In the previous sections in this chapter, you learned how to access a terminal if you have direct access to the server console. Many administrators work with servers that are not physically accessible. To manage these servers, Secure Shell (SSH) is normally used. In this section, you learn how to work with SSH.

On modern Linux distributions, Secure Shell is the common method to gain access to other machines over the network. In SSH, cryptography is used to ensure that you can be sure that you are connecting to the intended server. Also, traffic is encrypted while transmitted.

Accessing Remote Systems Using SSH

To access a server using SSH, two components are needed. On the remote server that you want to access, the sshd service must be running and offering services at port 22, and it should not be blocked by the firewall. After installation, Red Hat Enterprise Linux starts the sshd process automatically, and by default it is not blocked by the firewall.

If the SSH port is open, you can access it using the ssh command from the command line. The ssh command by default tries to reach the sshd process on the server port 22. If you have configured the sshd process to offer its services on a different port, use ssh -p followed by the port number you want to connect to.

The ssh command is available on all Linux distributions, and on Apple Mac computers as well, where it can be launched from a Mac terminal.

If you have a Windows version that does not have the Windows subsystem for Linux, the ssh command is not a native part of the Windows operating system. If you want to access Linux servers through SSH from a Windows computer, you need to install an SSH client like PuTTY on Windows. From PuTTY, different types of remote sessions can be established with Linux machines. Alternative SSH clients for Windows are available as well, such as MobaXterm, KiTTY, mRemoteNG, Bitvise, and Xshell.

Accessing another Linux machine from a Linux terminal is relatively easy. Just type ssh followed by the name of the other Linux machine. After connecting, you will be prompted for a password if a default configuration is used. This is the password of a user account with the same name of your current user account, but who should exist on the remote machine.

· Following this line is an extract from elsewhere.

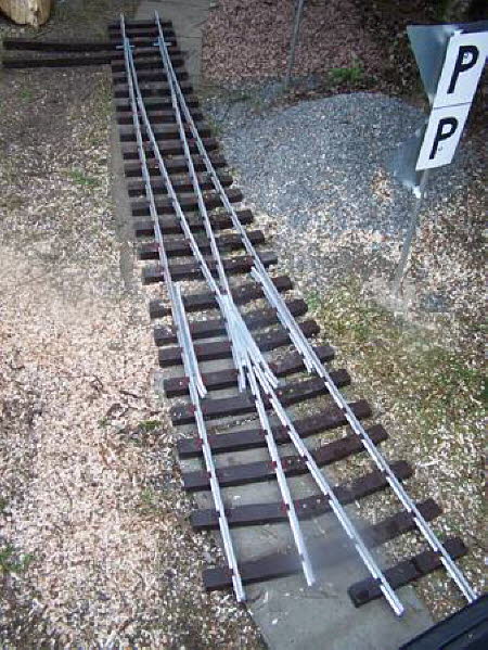 Erste eigene Weiche, gebaut nur aus den Teilen des Normalgleises und eines Weichenherzes und zweier Weichenzungen
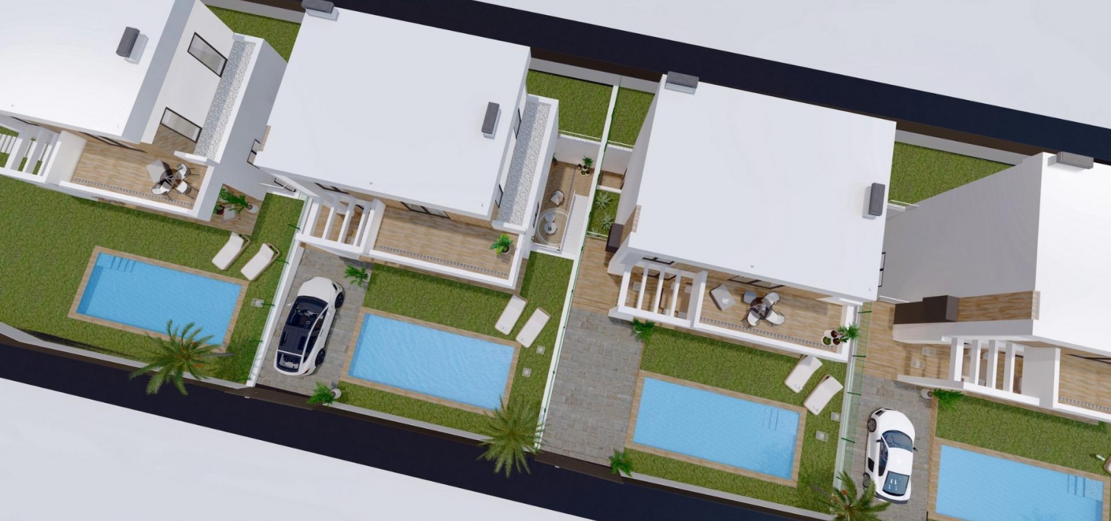 Villas build over 2 floors and has 3 bedrooms, 3 bathrooms, open plan kitchen with lounge, build-in wardrobes, equipped kitchen, private garden with the pool and parking.

When remotely connecting to a Linux server, the SSH client tries to do that as the user account you are currently logged in with on the local machine. If you want to connect using a different user account, you can specify the name of this user on the command line, in the user@server format. If, for instance, you want to establish an SSH session as user root to a remote server, type ssh root@remoteserver. An alternative way of specifying the user account is by using the option -l username. So, ssh remoteserver -l root will also try to establish a root session to the remote server. In Exercise 5-3, you learn how to log in to a remote server using SSH.

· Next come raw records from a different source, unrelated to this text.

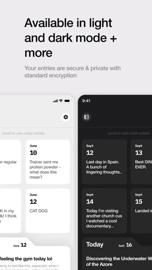 • Sync across devices: Your journals are safe, secure, and automatically synced across all your devices, allowing you to access your thoughts and reflections anytime, anywhere.
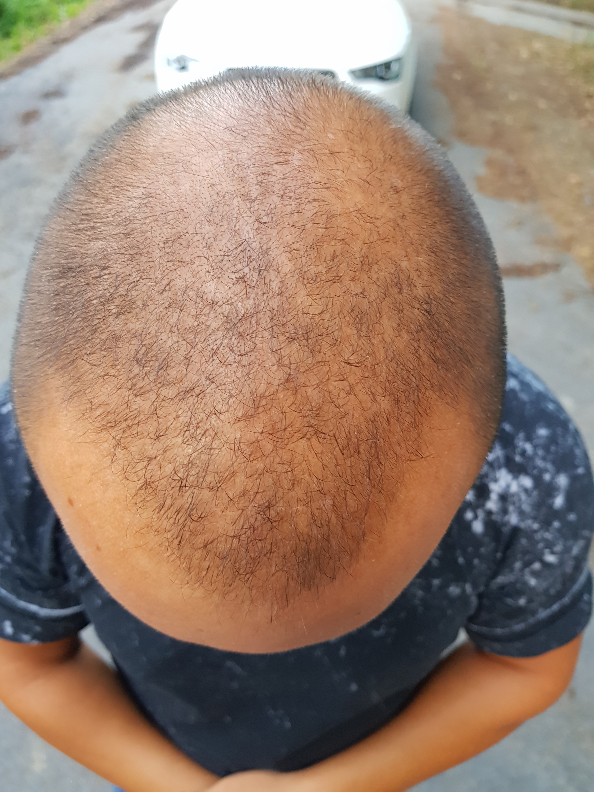 * Aktueller Haarstatus nach der Hamilton-Norwood-Skala: schätze ich 5
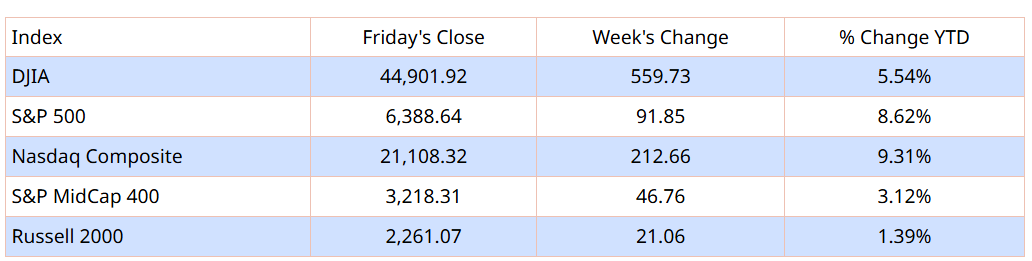 Thị trường chứng khoán Mỹ tiếp tục bứt phá trong tuần qua, đưa chỉ số S&P 500 và Nasdaq lên mức cao kỷ lục tuần thứ hai liên tiếp. Chỉ số Dow Jones tăng 1,26%, trong khi S&P MidCap 400 và Russell 2000 đều nhích hơn 0,9%. Nhóm cổ phiếu giá trị vượt trội so với nhóm tăng trưởng trong phần lớn thời gian của tuần, dù chênh lệch không lớn vào cuối phiên thứ Sáu.
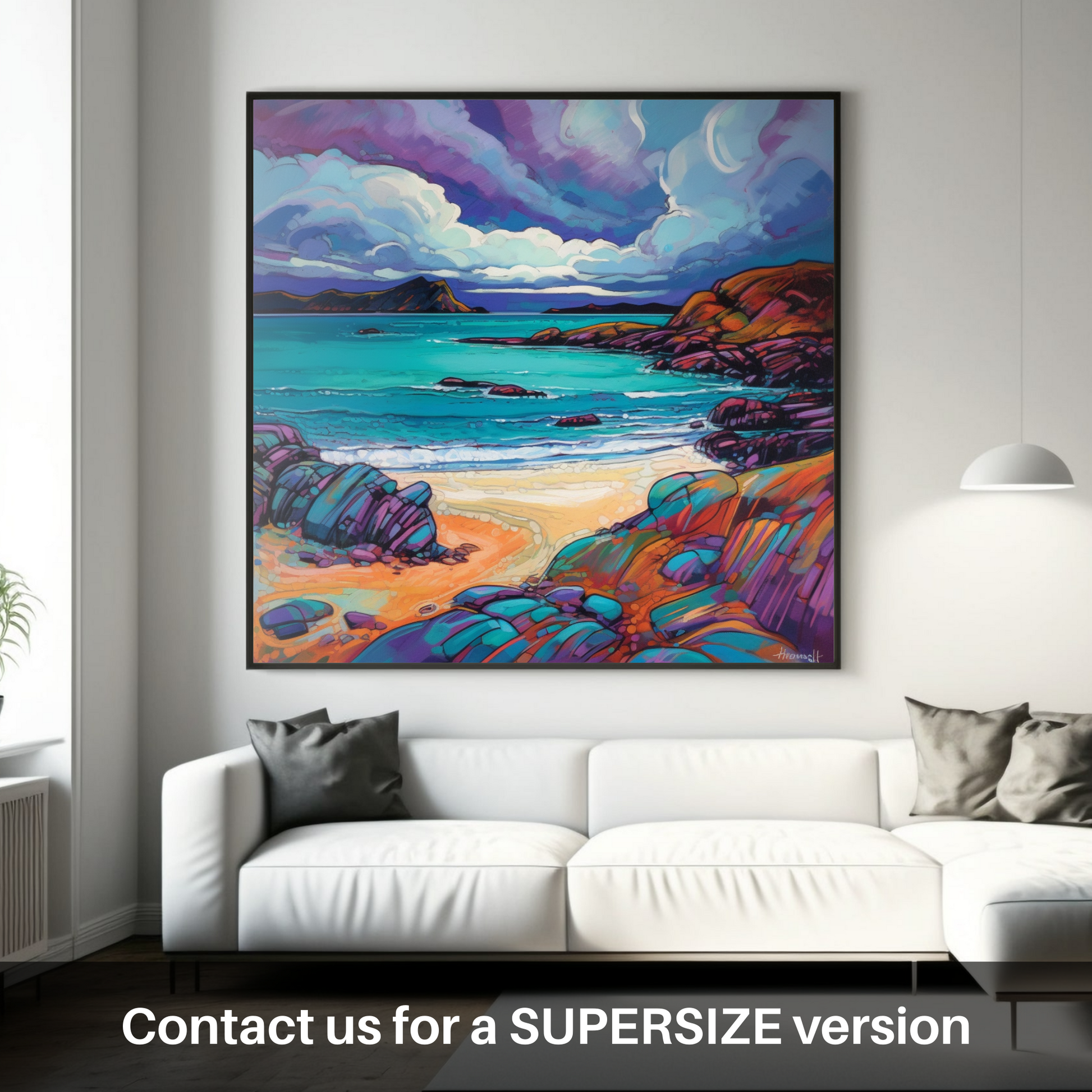 Let the vibrant palette and energetic brushwork of this evocative print whisk you away to the stunning shores of Achmelvich Bay. The piece captures the untamed beauty of one of Scotland's most picturesque coves, where the wild spirit of nature dances across the canvas in hues of purples, blues, and fiery oranges.
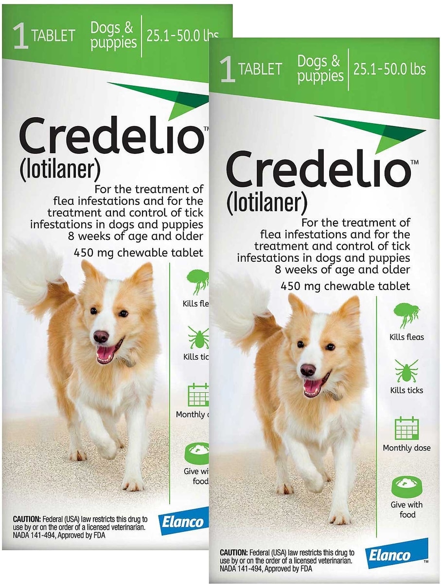 Credelio Chewable Tablet for Dogs, 25.1-50 lbs, (Green Box), 2 Chewable Tablets (2-mos. supply)
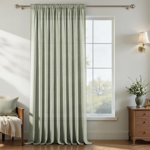 MRTREES 1 Pièce Rideaux Voilage Vert Sauge en Lin Semi-Transparent Grande Largeur 300x240cm Voilages Intérieurs Rideau Voile à Oeillets pour Porte Fenetre Salon Chambre Cuisine Salle a Manger
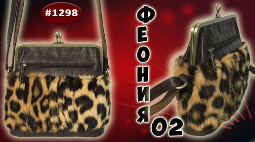 ПИК СЕЗОНА - Меховые сумки. Феония 02. Широкий фермуар 20 см. Комбинирование кожи и меха под леопард
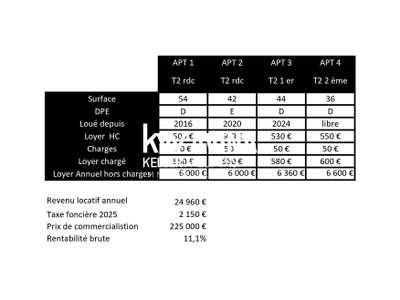 - accessible depuis le rez de chaussé Informations clés : Bien loué jusqu’en juillet 2027 (libre ensuite) Taxe foncière : 7 800 € DPE : vierge
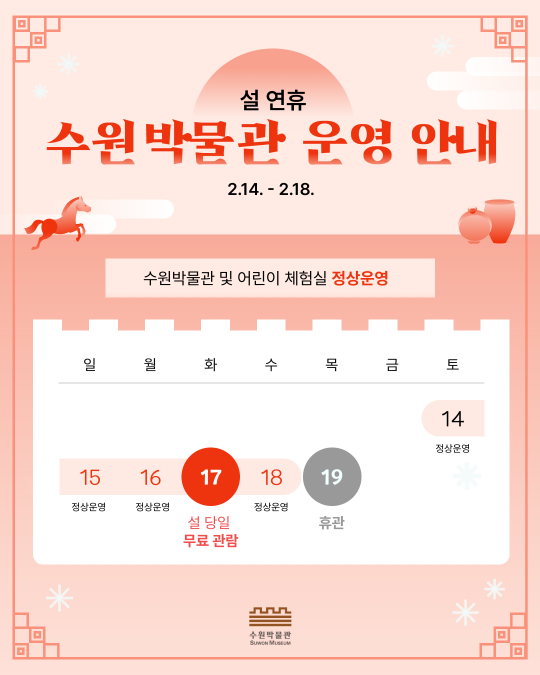 수원박물관은 설 연휴 기간인 214()부터 18()까지 정상운영하며, 19()은 휴관입니다.
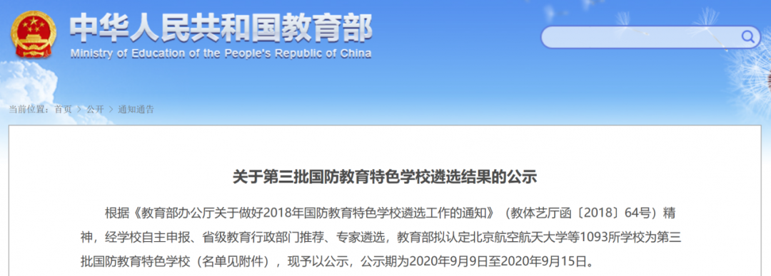 9月9日,教育部国防教育办公室公示第三批国防教育特色学校遴选结果,经学校自主申报、省级教育行政部门推荐、专家遴选,教育部拟认定1093所学校为第三批国防教育特色学校。其中,湖北有49所高校上榜。

Exercise 5-3 Using SSH to Log In to a Remote Server

This exercise assumes that a remote server is available and reachable. In this exercise, server1 is used as the local server, and server2 is the remote server on which the sshd process should be up and running. If you cannot access a remote server to perform the steps in the exercise, you might alternatively replace server2 with localhost. It is obvious that by doing so you will not log in to a remote server, but you still use the ssh command to connect to an sshd process, and you’ll get the full experience of working with ssh.

  1. Open a root shell on server2. Type systemctl status sshd. This should show you that the sshd process is currently up and running.

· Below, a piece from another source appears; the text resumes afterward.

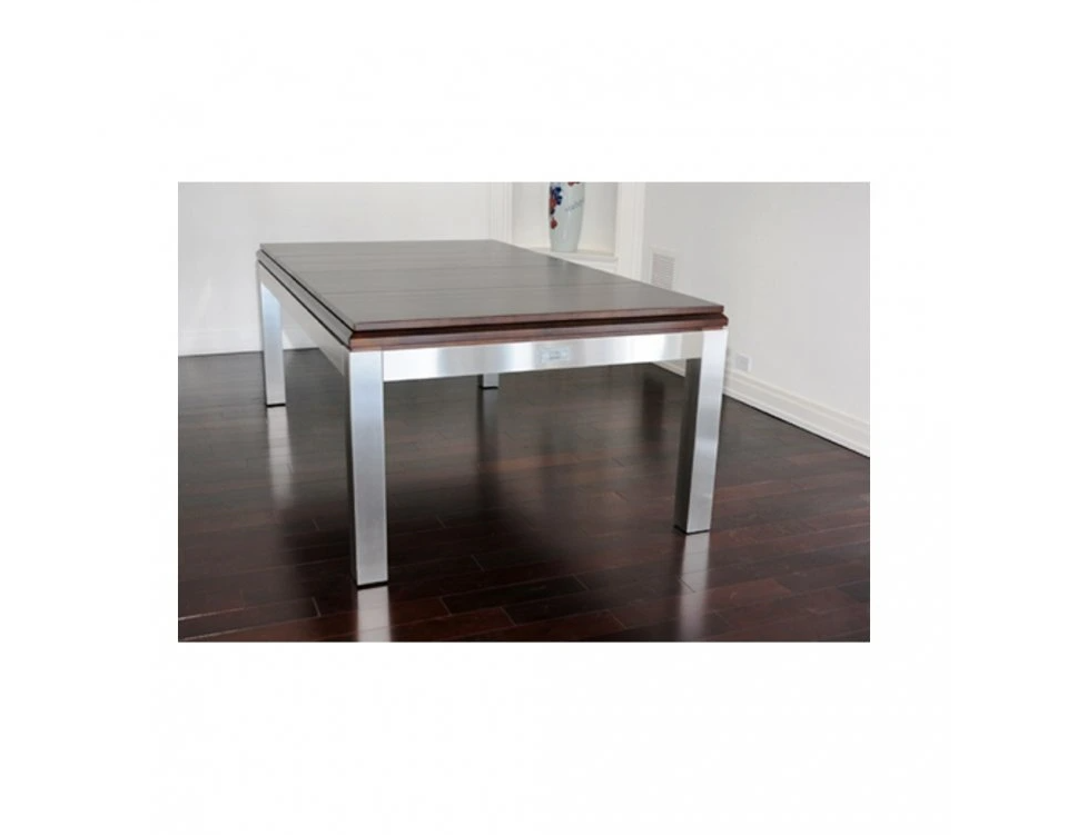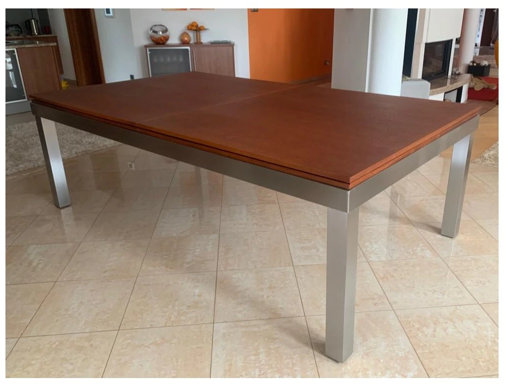 Jednoduchý svěží design a multifunkční vlastnosti, luxusní použité materiály. Díky 2–3dílné krycí desce, která je vyrobena např. z masivního dřeva v okamžiku proměníte kulečníkový stůl na prostornou jídelní či pracovní plochu. Masivní ocelový rám, silná břidlicová deska. Kapsy zabudované v rámu stolu. Plátno v ceně standartní v zelené nebo modré barvě, jiná sukna (Simonis, Z9 za příplatek).
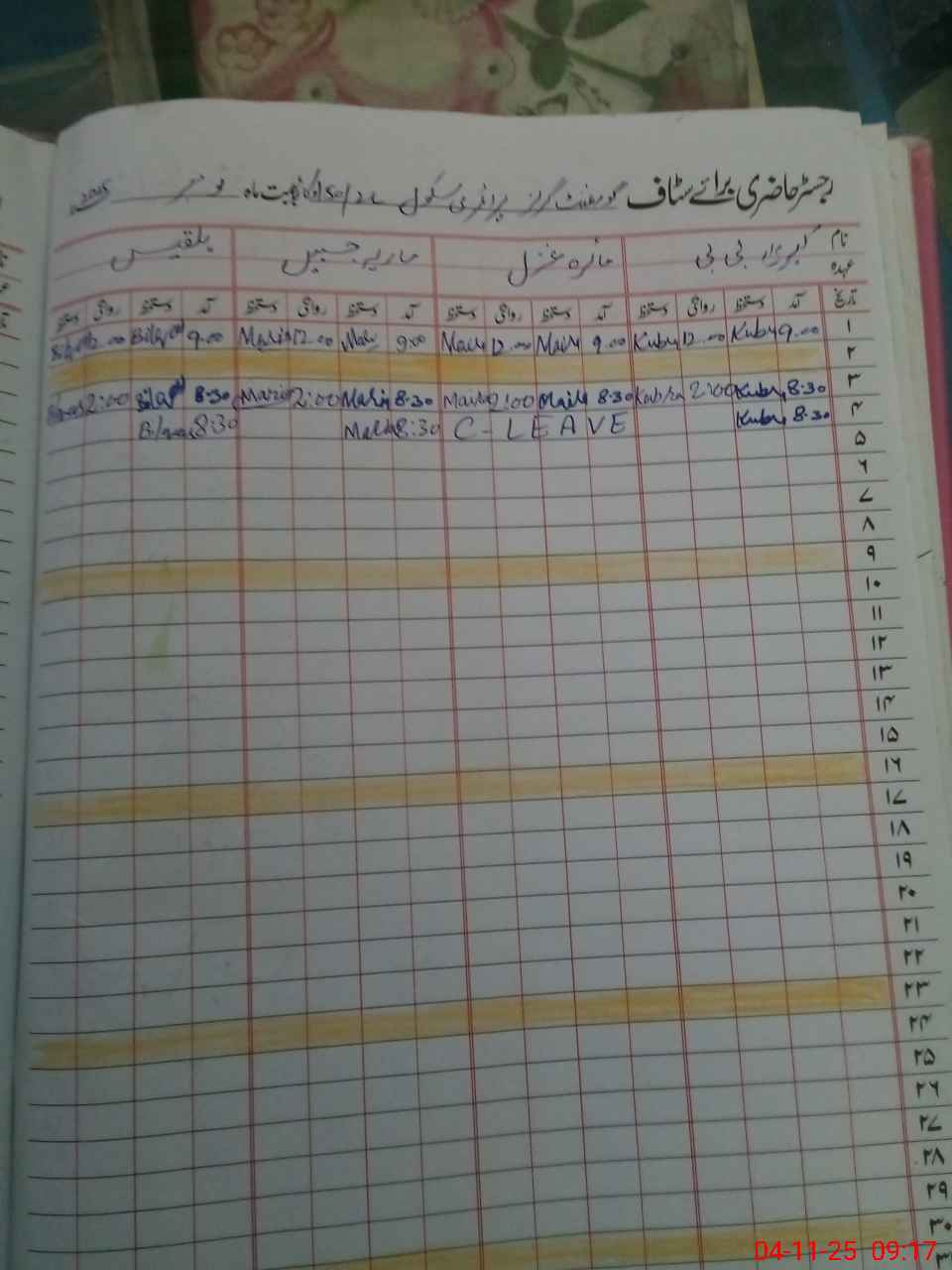 | CNIC | Full Name | Designation | R/C | Absence During Last Calender Month |

  2. To avoid any firewall-related problems, type systemctl stop firewalld.

  3. Type ip a | grep 'inet '. (Notice the space between inet and the closing quote mark.) Notice the IPv4 address your server is currently using. In the rest of this exercise, it is assumed that server2 is using IP address 192.168.4.220. Replace that address with the address that you have found here.

  4. Open a shell as a nonprivileged user on server1.

  5. On server1, type ssh 192.168.4.220 -l root. This connects to the sshd process on server2 and opens a root shell.

  6. Before being prompted for a password, you see a message indicating that the authenticity of host 192.168.4.220 cannot be established (see Example 5-1). This message is shown because the host you are connecting to is not yet known on your current host, which might involve a security risk. Type yes to continue.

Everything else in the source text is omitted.